# Data section
=== Begin Enclosure ===
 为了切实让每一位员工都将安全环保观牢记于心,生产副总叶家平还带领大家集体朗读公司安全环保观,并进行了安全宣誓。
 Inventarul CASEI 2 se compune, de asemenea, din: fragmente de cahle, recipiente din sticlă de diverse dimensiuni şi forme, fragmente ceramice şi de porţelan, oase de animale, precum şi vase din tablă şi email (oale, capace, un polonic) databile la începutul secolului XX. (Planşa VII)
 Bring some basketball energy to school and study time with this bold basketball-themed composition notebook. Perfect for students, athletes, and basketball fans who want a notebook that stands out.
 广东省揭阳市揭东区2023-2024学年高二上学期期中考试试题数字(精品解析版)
=== End Enclosure ===
=== Begin Enclosure ===
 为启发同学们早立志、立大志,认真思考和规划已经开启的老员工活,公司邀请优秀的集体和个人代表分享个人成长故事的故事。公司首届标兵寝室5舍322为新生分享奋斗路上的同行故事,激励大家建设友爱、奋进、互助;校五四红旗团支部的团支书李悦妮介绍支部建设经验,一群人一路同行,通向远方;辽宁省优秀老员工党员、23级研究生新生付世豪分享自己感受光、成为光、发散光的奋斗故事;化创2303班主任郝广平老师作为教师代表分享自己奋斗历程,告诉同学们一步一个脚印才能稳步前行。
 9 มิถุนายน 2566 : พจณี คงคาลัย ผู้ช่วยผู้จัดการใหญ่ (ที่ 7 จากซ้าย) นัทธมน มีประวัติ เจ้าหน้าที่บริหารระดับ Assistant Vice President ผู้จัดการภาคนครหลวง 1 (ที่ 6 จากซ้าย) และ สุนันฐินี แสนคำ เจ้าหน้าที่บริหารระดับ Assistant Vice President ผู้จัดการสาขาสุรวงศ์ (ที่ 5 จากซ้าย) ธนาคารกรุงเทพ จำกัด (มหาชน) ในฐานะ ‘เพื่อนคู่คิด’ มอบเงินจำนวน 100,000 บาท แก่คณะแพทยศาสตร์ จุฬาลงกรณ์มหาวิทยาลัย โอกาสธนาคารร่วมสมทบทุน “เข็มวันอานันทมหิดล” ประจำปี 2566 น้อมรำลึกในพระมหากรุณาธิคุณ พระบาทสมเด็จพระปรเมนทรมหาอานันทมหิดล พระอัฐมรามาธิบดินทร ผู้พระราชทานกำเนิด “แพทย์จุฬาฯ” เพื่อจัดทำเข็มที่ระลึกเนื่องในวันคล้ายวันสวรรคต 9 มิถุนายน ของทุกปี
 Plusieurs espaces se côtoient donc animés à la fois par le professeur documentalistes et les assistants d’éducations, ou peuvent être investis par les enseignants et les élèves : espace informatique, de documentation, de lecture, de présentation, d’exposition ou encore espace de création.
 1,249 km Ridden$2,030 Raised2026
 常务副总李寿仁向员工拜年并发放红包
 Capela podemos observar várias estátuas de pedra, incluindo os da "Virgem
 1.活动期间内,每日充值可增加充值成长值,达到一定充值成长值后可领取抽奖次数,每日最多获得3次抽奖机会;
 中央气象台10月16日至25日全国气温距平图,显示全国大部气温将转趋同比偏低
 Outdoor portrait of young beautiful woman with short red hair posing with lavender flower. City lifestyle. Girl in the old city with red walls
=== End Enclosure ===
# About this exercise
Out of the listing above, reproduce exactly the lines from the one with "Inventarul CASEI 2" up to and including the one with "广东省揭阳市揭东区2023-2024学年".

# Answer space
 Inventarul CASEI 2 se compune, de asemenea, din: fragmente de cahle, recipiente din sticlă de diverse dimensiuni şi forme, fragmente ceramice şi de porţelan, oase de animale, precum şi vase din tablă şi email (oale, capace, un polonic) databile la începutul secolului XX. (Planşa VII)
 Bring some basketball energy to school and study time with this bold basketball-themed composition notebook. Perfect for students, athletes, and basketball fans who want a notebook that stands out.
 广东省揭阳市揭东区2023-2024学年高二上学期期中考试试题数字(精品解析版)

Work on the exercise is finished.